Feb 12 2007
The Hungarian Agriculture Ministry has admitted that turkey meat from a plant near the site of a Hungarian bird flu outbreak was sold to various parts of Europe including Britain.
However they continue to deny the meat is responsible for transmitting the virus to the poultry in Suffolk.
Nevertheless British government officials continue to investigate a link between an outbreak at a farm owned by Bernard Matthews in Suffolk, eastern England, where 160,000 turkeys were culled and an earlier one in geese in the eastern European country.
Although Bernard Matthews initially hotly denied any possibility of a link between the Hungarian operations in Sarvar and it's farm in Suffolk, the company later admitted that turkey had been shipped between the two processing plants.
Media reports have suggested a turkey plant in the eastern Hungarian town of Kecskemet as a possible culprit, transmitting the virus through the Bernard Matthews' operation in the Hungarian town of Sarvar, western Hungary.
Hungarian Agriculture Ministry officials however insist that every possible item was checked and no problems were reported in any other export destinations.
They have collected all the relevant documents back to November 2006, including those connected to processing, animal health and the sales of every firm affected and say the fate of every item can be precisely traced.
They say the documents support the fact that the British outbreak cannot have originated from Hungary.
Hungary intends to promptly submit a report to the European Commission in order to prove there can be no link between the cases in Britain and Hungary.
The British government had initially said the British infection was most likely to have come from a wild bird but late last week the finger was pointed at Hungary following tests which showed the virus to be identical to the Hungarian one and that it could have been spread by infected meat.
Hungarian experts say connecting the two outbreaks because the virus is identical was not a convincing argument because the virus has been almost the same wherever it appeared around Europe.

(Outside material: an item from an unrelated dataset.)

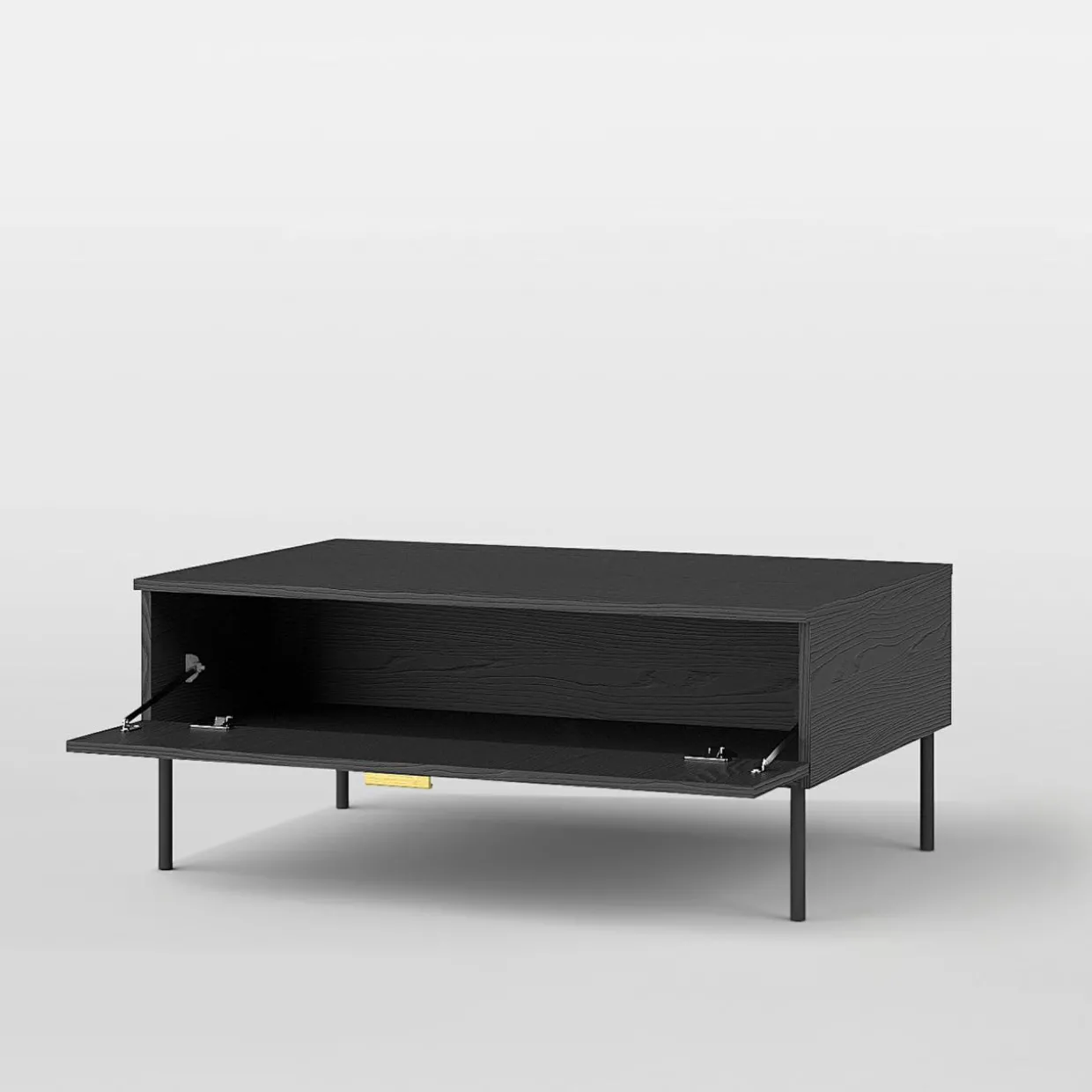 - Pod blatem znajduje się otwierana szafka. Schowaj do niej podkładki pod napoje, piloty do telewizora lub drobne przekąski.
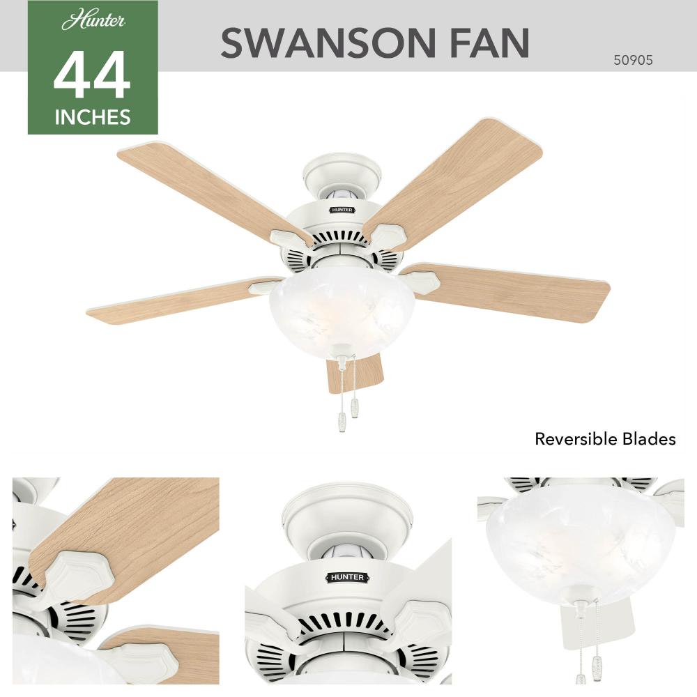 The Swanson casual ceiling fan features easy-to-use pull chains and an LED light. As a part of the Professional Series, the Swanson Collection is available in a variety of sizes, finishes, and light kit combinations. You can add this Hunter ceiling fan to every room in your home knowing it?s wobble free, whisper quiet, and long lasting.

British Environment Secretary David Miliband is meeting with senior officials, vets and public health experts to assess the bird flu situation and review the action taken to date.

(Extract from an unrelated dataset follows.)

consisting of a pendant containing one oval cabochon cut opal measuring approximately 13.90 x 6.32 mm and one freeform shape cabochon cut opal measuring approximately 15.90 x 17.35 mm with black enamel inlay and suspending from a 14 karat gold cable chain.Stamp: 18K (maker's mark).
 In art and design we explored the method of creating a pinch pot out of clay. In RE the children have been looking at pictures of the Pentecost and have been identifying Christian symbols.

The meeting will review action taken so far to cope with the outbreak at the Bernard Matthews plant in Holton, Suffolk, and will also review the investigation into the causes of the outbreak and liaise about the protection of public health.

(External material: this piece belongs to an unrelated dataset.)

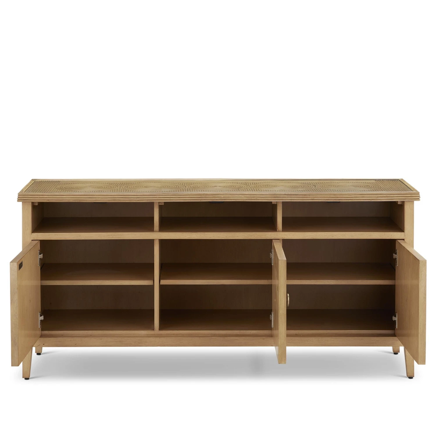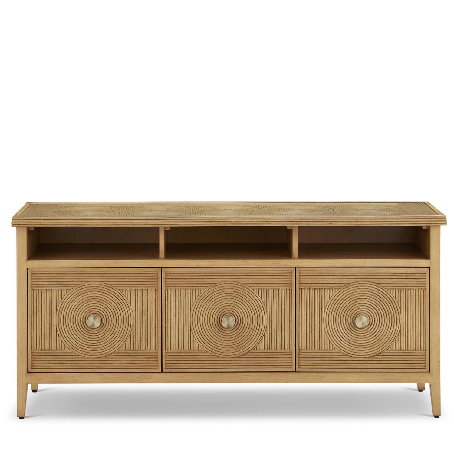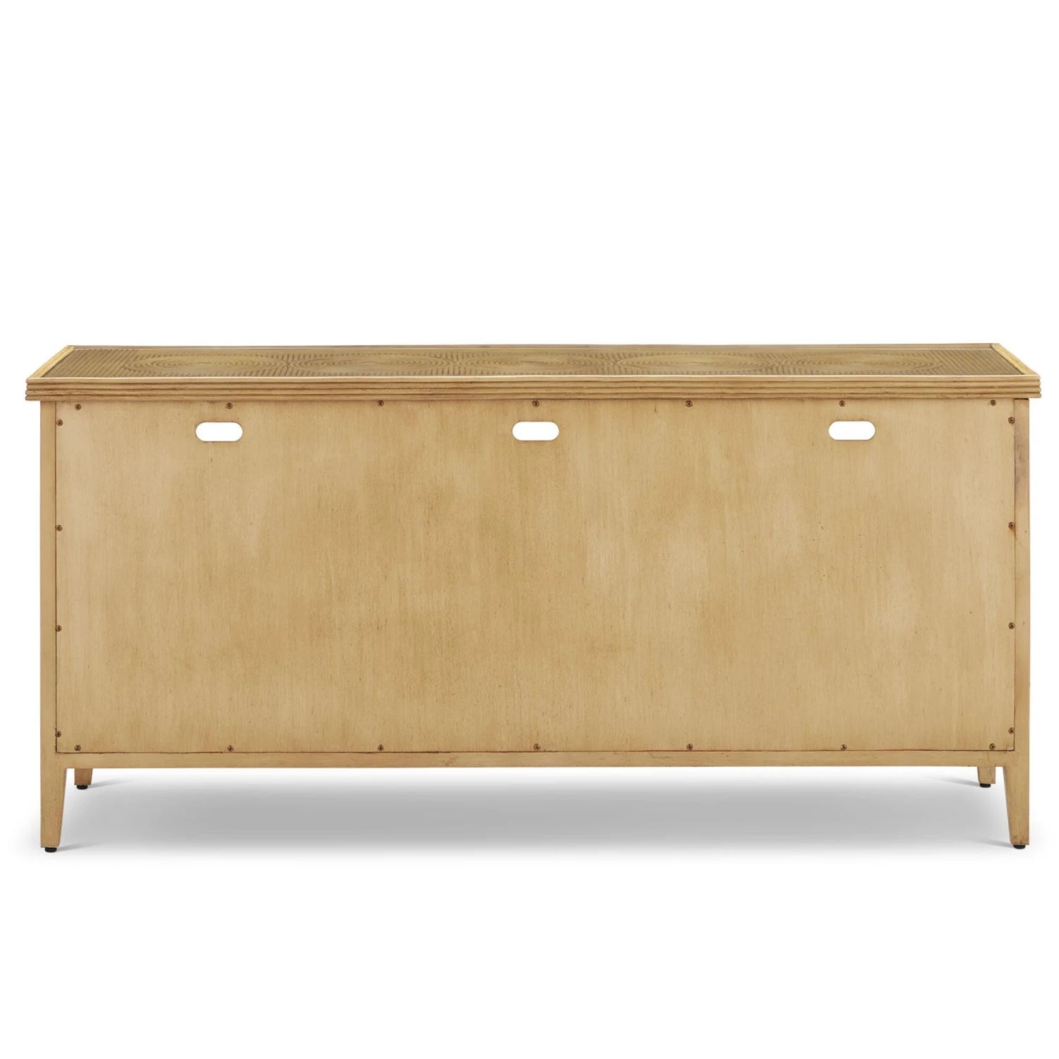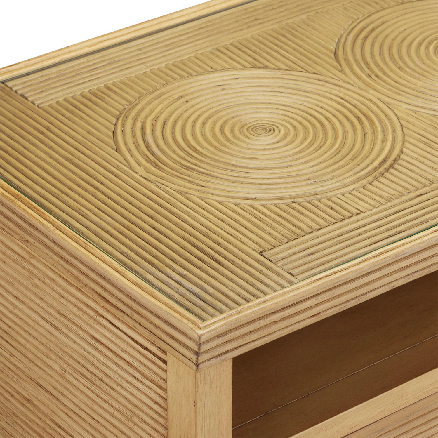 The Santos Sea Sand Rectangular Cabinet has a split rattan pattern on the doors, sides, and top, which is made by hand and applied to a solid mahogany frame. Then a Sea Sand finish is applied to the entire piece. A design detail of note is how the brass pulls sit squarely in the center of the layered circles created by the pattern. This tan cabinet was designed by Aimee Kurzner.

Meanwhile Department for Food and Rural Affairs (DEFRA) officials insist meat leaving the Suffolk site is not a health risk and there is no risk with of cooked meat which has left the Bernard Matthews farm since the H5N1 outbreak being contaminated with bird flu.
Health protection experts however warn that more work needs to be done to prepare Britain for a possible bird flu pandemic amid fears that simple measures such as vaccines, isolation and travel restrictions will not be enough to contain the spread of the deadly H5N1 virus.